# [What is needed]
For this task, output exactly the lines of the material below starting at the line with "Bank of Superior Falls" and ending at the line with "The center pillar"; pictures are to be excluded.

Dataset Start Marker

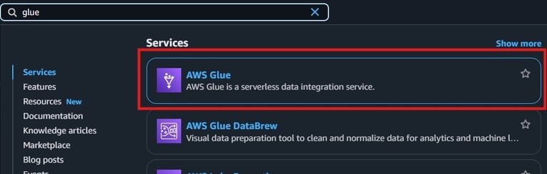 Now lets proceed with creating the AWS Glue Job ETL pipeline using Visual ETL. To do this—
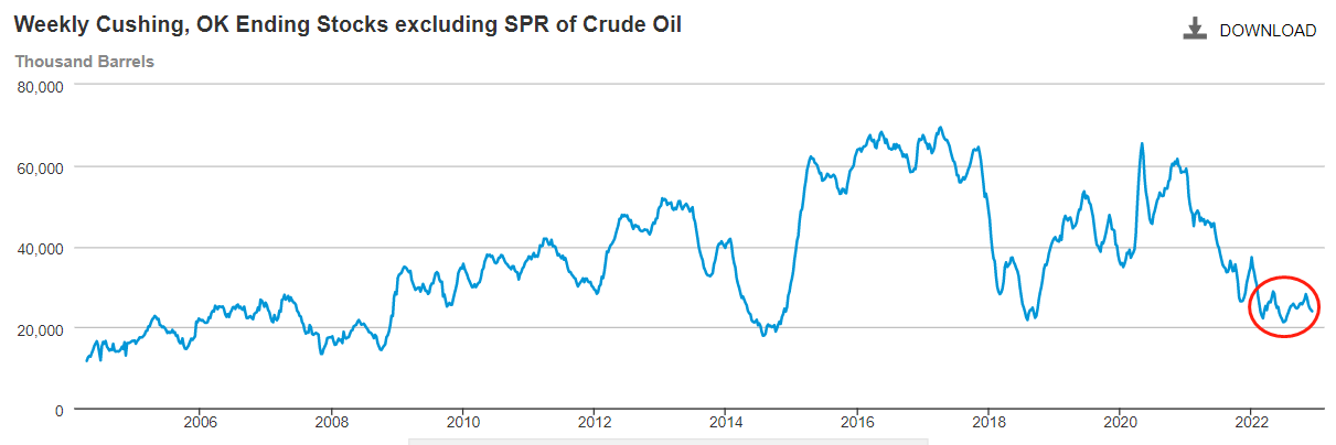 12月4日举行的OPEC+部长级会议上,OPEC+决定坚持其现有政策,即从11月至2023年底,将石油产量每天减少200万桶,约占世界需求的2%。如果国际油价超预期下跌,OPEC+势必开启更大力度的减产规模,这将对油价形成托底作用。经验来看,50美元以下的原油价格将引起产油国恐慌,如果价格继续下行,将不断击穿产油国成本价,最终导致被动减产。相反,WTI在击穿该“成本底”之前,可以一直保持回落态势。
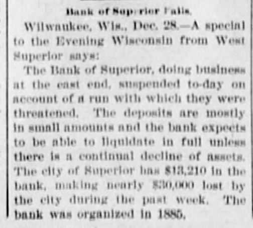Bank of Superior Falls Wilwaukee, Wis., Dec. 28.-A special to the Evening Wisconsin from West Superior says: The Bank of Superior, doing business at the east end. suspended to-day on account of it run with which they were threatened. The deposits are mostly in small amounts and the bank expects to be able to liquidate in full unless there is a continual decline of assets. The city of Superior has $13,210 In the bank, making nearly $30,000 lost by the city during the past week. The bank was organized In 1885.
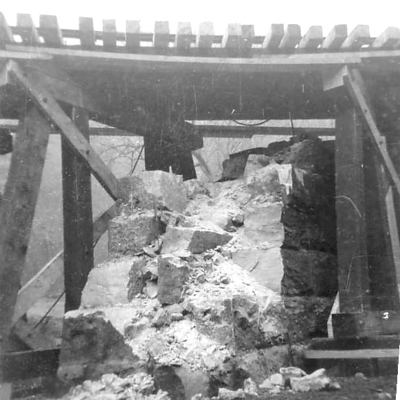 The center pillar was destroyed and replaced with a not-so-handsome concrete affair which clearly was not going to be taken out with another small dynamite charge!
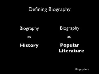 The document discusses research into the information seeking behaviors of scholarly biographers versus popular biographers. It reviews previous literature that found biographers use a wide variety of resources, including archives, manuscripts, books and websites. The study aims to understand if biographers' methods differ based on whether they intend to publish academically or popularly. Surveys and interviews were conducted, finding that both groups are motivated to publish, but scholarly biographers engage more with other researchers while popular biographers focus on book publications.

Dataset End Marker

# [Written solution]
Bank of Superior Falls Wilwaukee, Wis., Dec. 28.-A special to the Evening Wisconsin from West Superior says: The Bank of Superior, doing business at the east end. suspended to-day on account of it run with which they were threatened. The deposits are mostly in small amounts and the bank expects to be able to liquidate in full unless there is a continual decline of assets. The city of Superior has $13,210 In the bank, making nearly $30,000 lost by the city during the past week. The bank was organized In 1885.
 The center pillar was destroyed and replaced with a not-so-handsome concrete affair which clearly was not going to be taken out with another small dynamite charge!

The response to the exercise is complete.